There was I, and then there was the sea. The sea and the sky are all and one, and darkness was its color. I, on the other hand, am unusual, an anomaly in the greater scheme of things, an absurdity between the undulating waves. That night, I remained as I, but the sea and the sky has become one, as darkness, and it is singular, and honest. It is the truth. I try to argue with the sea, but it grips my throat, it clutches my ribs, it tries to question me instead. Are we one? It asks. I cry.

There is a story of a woman who was taken by the sea but was safely returned to land. She was never the same on her return, and her son and husband painfully took notice. Every day she stared at every container full of water, spent long hours taking her bath, as if what the sea has shown her under it has captivated her mind and never let her go.

It was a sad story.
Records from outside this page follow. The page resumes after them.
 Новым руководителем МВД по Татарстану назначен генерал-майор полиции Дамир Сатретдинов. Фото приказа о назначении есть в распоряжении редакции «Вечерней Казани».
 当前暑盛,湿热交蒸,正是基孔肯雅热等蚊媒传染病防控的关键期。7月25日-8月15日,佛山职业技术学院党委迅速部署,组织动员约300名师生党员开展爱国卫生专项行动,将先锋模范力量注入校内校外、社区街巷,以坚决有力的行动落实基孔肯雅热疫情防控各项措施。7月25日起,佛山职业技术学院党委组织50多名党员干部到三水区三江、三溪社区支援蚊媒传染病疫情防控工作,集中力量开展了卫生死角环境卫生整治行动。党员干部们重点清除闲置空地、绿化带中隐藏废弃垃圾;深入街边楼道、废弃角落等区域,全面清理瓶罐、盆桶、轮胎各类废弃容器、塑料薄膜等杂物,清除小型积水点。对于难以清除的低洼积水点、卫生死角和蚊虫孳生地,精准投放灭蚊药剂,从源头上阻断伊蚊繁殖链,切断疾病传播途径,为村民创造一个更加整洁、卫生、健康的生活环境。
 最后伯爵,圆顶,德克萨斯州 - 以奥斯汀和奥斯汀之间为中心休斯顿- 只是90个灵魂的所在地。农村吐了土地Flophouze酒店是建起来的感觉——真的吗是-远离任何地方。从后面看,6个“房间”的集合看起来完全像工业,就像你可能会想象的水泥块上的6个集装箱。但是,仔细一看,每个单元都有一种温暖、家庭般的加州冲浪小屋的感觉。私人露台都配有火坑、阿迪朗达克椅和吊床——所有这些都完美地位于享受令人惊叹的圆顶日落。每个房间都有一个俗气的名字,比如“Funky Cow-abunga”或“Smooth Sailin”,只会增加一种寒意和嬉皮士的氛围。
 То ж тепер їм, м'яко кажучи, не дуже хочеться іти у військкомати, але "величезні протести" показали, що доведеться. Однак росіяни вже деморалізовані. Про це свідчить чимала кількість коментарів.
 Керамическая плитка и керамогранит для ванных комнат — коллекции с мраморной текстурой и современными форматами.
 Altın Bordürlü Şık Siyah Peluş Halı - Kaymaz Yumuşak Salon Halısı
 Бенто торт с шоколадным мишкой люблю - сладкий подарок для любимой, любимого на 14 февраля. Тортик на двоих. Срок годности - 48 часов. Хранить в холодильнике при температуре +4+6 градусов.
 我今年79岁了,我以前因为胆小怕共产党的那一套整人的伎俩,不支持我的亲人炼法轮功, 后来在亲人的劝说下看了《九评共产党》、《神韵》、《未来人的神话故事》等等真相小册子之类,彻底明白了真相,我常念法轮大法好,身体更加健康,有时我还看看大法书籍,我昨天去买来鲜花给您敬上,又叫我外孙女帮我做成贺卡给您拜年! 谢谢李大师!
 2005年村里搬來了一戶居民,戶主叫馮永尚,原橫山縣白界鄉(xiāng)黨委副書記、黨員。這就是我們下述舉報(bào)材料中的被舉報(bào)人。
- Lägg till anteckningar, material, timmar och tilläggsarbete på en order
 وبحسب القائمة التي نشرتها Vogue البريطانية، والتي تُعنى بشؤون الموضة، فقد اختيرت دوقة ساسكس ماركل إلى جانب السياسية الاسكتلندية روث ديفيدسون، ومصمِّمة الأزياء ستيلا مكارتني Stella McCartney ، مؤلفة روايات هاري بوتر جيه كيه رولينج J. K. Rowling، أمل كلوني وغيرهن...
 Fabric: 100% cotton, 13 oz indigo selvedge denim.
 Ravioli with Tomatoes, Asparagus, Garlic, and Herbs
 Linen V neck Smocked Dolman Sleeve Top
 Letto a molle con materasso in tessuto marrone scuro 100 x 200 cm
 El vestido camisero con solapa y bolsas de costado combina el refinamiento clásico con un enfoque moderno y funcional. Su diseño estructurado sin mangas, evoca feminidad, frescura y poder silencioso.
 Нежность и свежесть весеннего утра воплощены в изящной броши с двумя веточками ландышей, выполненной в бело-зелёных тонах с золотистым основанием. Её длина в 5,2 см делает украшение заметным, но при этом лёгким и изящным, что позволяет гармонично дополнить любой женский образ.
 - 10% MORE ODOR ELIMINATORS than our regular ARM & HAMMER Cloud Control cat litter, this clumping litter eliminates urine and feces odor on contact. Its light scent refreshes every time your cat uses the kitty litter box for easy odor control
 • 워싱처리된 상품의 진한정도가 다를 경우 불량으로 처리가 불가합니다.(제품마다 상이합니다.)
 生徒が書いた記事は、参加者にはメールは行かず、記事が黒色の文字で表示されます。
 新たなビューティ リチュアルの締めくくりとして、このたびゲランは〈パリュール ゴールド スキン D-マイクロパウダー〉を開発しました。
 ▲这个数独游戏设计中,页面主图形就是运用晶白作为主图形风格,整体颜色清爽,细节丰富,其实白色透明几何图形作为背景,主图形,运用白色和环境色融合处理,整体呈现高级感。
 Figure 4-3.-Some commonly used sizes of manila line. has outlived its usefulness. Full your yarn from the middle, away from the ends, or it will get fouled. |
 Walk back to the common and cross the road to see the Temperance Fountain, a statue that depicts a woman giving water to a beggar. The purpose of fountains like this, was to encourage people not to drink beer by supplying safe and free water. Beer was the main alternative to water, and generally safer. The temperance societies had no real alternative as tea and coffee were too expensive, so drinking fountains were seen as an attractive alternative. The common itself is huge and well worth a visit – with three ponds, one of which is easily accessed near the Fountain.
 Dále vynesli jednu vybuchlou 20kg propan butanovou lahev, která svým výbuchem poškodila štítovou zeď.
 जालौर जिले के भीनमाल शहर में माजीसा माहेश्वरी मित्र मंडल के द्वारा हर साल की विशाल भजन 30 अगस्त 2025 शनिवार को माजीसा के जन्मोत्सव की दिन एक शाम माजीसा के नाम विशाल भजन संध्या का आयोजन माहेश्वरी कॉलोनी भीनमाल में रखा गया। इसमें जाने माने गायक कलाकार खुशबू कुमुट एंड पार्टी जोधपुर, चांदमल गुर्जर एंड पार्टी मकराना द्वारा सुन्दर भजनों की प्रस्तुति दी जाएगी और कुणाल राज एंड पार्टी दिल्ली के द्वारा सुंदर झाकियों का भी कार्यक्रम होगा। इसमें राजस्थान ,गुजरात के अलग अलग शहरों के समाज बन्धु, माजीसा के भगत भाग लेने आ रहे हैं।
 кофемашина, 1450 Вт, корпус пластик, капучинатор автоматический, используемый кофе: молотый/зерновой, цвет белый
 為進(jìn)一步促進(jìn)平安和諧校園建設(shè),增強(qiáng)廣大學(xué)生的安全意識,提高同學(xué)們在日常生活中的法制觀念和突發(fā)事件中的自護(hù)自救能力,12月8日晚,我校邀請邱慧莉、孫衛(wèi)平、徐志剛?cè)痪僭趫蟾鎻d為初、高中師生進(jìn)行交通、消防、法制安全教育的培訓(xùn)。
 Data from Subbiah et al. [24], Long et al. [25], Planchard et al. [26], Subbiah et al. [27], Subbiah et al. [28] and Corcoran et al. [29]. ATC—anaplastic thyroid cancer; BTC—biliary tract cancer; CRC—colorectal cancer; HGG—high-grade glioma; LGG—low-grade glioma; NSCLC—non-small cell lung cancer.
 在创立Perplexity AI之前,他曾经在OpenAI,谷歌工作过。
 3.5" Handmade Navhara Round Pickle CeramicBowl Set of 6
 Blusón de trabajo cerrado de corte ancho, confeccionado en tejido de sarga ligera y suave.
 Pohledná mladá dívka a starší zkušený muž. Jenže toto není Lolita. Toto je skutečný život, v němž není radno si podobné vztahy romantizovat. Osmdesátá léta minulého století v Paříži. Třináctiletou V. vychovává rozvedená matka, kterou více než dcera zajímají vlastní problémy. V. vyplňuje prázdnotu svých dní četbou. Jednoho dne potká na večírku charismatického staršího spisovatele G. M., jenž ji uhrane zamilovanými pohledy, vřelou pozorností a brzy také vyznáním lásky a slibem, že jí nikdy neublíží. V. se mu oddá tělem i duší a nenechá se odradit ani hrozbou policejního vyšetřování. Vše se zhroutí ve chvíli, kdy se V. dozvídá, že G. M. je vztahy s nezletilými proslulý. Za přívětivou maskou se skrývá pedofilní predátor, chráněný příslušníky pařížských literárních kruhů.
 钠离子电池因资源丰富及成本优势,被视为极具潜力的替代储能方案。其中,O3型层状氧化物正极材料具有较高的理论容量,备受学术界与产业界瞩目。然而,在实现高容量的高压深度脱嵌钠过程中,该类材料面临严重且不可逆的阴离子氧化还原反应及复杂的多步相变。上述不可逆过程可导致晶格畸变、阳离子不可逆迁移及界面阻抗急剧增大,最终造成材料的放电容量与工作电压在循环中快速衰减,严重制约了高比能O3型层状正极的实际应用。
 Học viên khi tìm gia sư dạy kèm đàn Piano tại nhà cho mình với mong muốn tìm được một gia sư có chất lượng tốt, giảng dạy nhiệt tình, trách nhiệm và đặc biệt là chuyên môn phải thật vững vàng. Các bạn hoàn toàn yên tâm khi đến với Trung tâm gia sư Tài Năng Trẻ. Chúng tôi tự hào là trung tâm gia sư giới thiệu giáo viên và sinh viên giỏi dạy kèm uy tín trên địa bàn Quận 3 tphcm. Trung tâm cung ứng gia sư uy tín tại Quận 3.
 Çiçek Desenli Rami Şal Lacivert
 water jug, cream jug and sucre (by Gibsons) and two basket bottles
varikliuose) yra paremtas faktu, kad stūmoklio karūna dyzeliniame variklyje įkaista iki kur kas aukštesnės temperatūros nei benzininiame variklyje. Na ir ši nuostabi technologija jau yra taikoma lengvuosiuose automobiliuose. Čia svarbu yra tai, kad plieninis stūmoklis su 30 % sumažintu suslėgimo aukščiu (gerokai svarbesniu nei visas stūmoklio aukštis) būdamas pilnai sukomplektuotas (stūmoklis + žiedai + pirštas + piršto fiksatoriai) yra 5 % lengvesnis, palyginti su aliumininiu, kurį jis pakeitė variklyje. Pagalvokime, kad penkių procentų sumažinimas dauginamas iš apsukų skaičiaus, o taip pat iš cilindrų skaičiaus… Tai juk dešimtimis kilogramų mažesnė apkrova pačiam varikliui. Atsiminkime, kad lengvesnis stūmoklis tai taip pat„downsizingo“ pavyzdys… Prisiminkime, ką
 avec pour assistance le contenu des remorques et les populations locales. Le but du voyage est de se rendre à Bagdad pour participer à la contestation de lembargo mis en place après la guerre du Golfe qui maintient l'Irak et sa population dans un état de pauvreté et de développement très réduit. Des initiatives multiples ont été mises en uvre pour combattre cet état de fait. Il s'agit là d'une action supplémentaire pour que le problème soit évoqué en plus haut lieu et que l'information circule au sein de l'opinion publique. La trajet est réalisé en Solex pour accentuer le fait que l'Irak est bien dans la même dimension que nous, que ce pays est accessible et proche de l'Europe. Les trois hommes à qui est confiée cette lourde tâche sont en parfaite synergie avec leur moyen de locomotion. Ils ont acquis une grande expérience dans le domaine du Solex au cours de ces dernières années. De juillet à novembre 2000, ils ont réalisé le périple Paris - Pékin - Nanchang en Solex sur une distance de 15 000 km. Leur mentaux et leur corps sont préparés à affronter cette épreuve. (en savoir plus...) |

One day, authorities discovered the body of her son in the bathtub, head submerged under water. They never found the woman.

I never found her.

Oh, if only the winds have arms and hands! If only the rocks and corals underneath could rise at every plea for help! If only morning could come sooner and separate the sea and the sky, make sense of my difference in this unified blackness! I wish I had the strength to go back in time, change every scene, flush out what is undesirable, abandon drawing lines between what is and what should have been. I crave for horizon. I crave for the sandy shore, the family of three sitting under the sun, happy, contented, complete. I crave for air.

Is it a crime to claim? Is it a crime to embrace what we think is ours, never let go, and struggle when forces try to wrench us away from them? Is to grasp this thought to claim it too? Is to grasp, to comprehend, and to comprehend, to claim? In claiming should we never let go, regardless of justice? I never let them go. Or, did I? Were they taken as my offering? My arms and legs grow weary. The sea interrogates me. Is it a crime? Perhaps this is how things should go. Was it wrong? I sink.